Task objective:
Print the listing below again, exactly. Skip the pictures.

Available data:
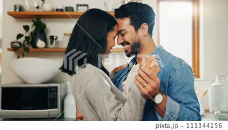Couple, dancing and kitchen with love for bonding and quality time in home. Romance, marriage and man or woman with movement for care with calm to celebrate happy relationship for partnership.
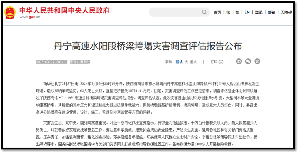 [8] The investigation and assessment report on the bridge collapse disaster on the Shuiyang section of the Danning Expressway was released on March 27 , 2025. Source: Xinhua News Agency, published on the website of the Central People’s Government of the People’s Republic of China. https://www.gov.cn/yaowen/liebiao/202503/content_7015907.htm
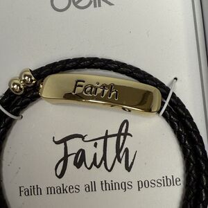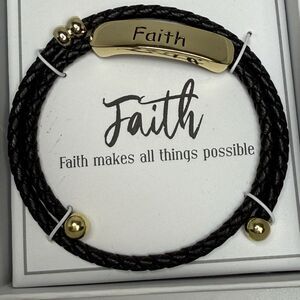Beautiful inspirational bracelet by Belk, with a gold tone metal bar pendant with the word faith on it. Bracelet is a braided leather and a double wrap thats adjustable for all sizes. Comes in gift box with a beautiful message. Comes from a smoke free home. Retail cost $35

Exercise answer:
Couple, dancing and kitchen with love for bonding and quality time in home. Romance, marriage and man or woman with movement for care with calm to celebrate happy relationship for partnership.
 [8] The investigation and assessment report on the bridge collapse disaster on the Shuiyang section of the Danning Expressway was released on March 27 , 2025. Source: Xinhua News Agency, published on the website of the Central People’s Government of the People’s Republic of China. https://www.gov.cn/yaowen/liebiao/202503/content_7015907.htm
Beautiful inspirational bracelet by Belk, with a gold tone metal bar pendant with the word faith on it. Bracelet is a braided leather and a double wrap thats adjustable for all sizes. Comes in gift box with a beautiful message. Comes from a smoke free home. Retail cost $35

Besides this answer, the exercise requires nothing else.